Top of Records for the exercise

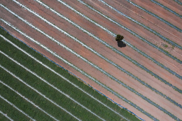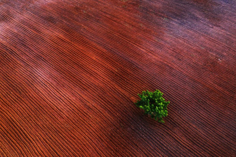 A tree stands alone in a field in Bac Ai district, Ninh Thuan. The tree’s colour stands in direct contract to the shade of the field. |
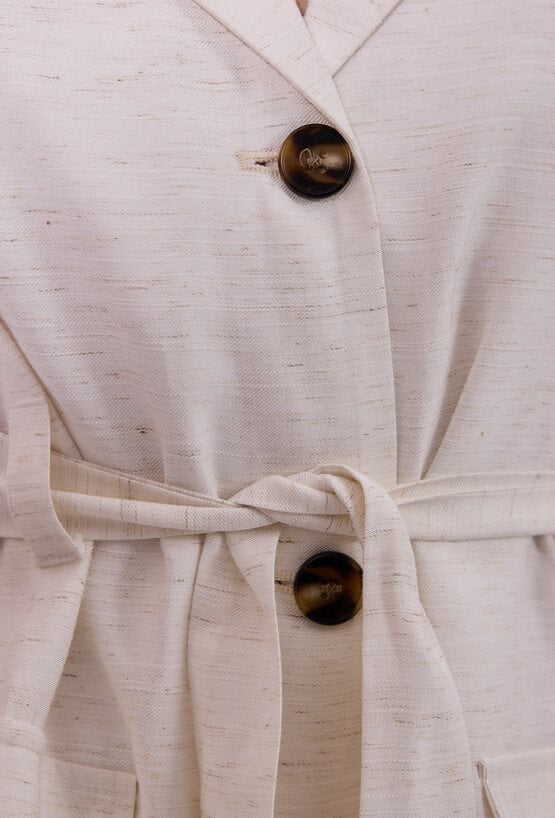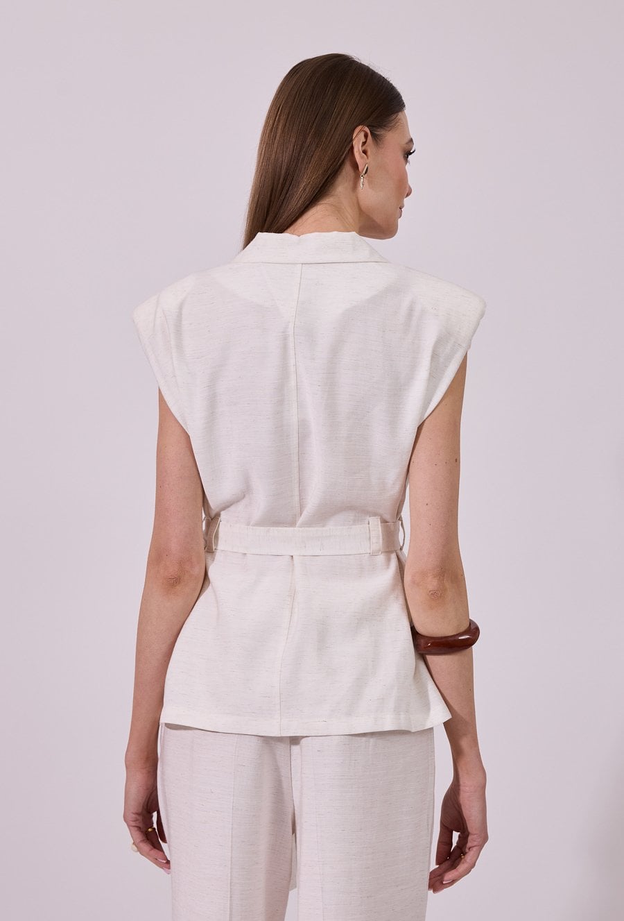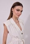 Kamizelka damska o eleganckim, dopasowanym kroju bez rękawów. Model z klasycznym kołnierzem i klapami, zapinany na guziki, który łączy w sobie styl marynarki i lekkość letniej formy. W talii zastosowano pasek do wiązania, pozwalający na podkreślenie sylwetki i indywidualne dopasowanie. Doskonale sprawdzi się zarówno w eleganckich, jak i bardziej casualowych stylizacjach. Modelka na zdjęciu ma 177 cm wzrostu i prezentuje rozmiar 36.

Bottom of Records for the exercise
Top of Records for the exercise

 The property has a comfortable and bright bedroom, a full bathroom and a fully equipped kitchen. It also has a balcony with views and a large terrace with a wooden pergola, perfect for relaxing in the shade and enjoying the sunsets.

Bottom of Records for the exercise

* Directions for this task
Retype only the lines above from the one with "A tree stands" through the one with "Kamizelka damska o", exactly and with both ends. Images stay out.

* Reply to the task
 A tree stands alone in a field in Bac Ai district, Ninh Thuan. The tree’s colour stands in direct contract to the shade of the field. |
 Kamizelka damska o eleganckim, dopasowanym kroju bez rękawów. Model z klasycznym kołnierzem i klapami, zapinany na guziki, który łączy w sobie styl marynarki i lekkość letniej formy. W talii zastosowano pasek do wiązania, pozwalający na podkreślenie sylwetki i indywidualne dopasowanie. Doskonale sprawdzi się zarówno w eleganckich, jak i bardziej casualowych stylizacjach. Modelka na zdjęciu ma 177 cm wzrostu i prezentuje rozmiar 36.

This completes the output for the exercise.